Altitude       14,500
OAT              35 -  43F
TAS              174  -   182 MPH  *
Fuel Flow     8 GPH
Engine RPM  5250 - 5450
Manifold Pressure    14.3"
% Power       30%   (As calculated by EM3)
EGT              1450F
Water temp   145 - 150
Oil Temp       160        (Cowl flap would help temps and airspeed)
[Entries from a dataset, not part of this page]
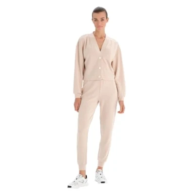 Dagi Women's Regular Waist Jogger Trousers Pyjama Bottom, Ecru, L
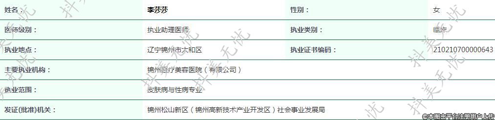 主要執(zhí)業(yè)機(jī)構(gòu):錦州醫(yī)療美容醫(yī)院(有限公司)
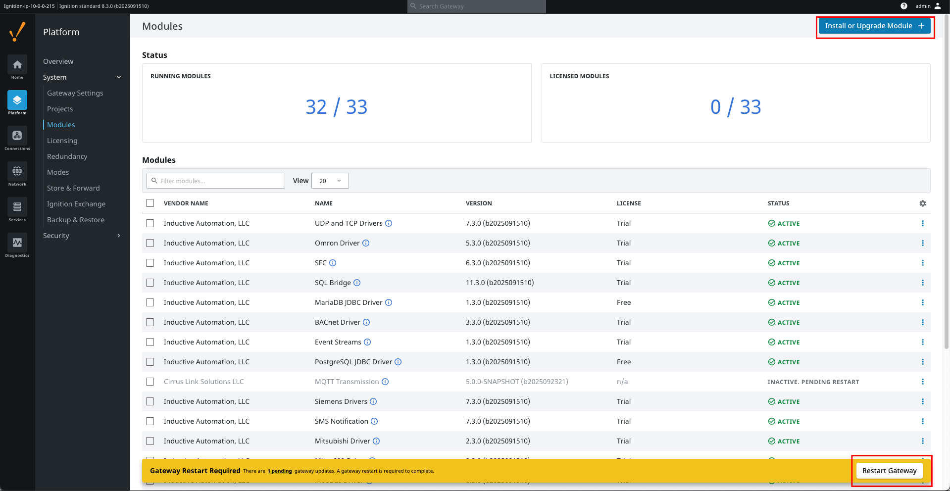 When complete, the Ignition Gateway will display a bar across the bottom prompting a restart. Restart the gateway and the modules will be ready for use:

Total flight hours on trip  9.2

*  Fuel flow was held constant, TAS varied with fuel batch.  Low number was with Florida gas with about 8% ethanol.   Refueled at Charlie England's place (Thanks for the hospitality and fuel service Charlie!).  Not sure wether it had ethanol or not but TAS was a few MPH better.   After refueling at 47K in Kansas with no ethanol mogas, the TAS reached the highest number.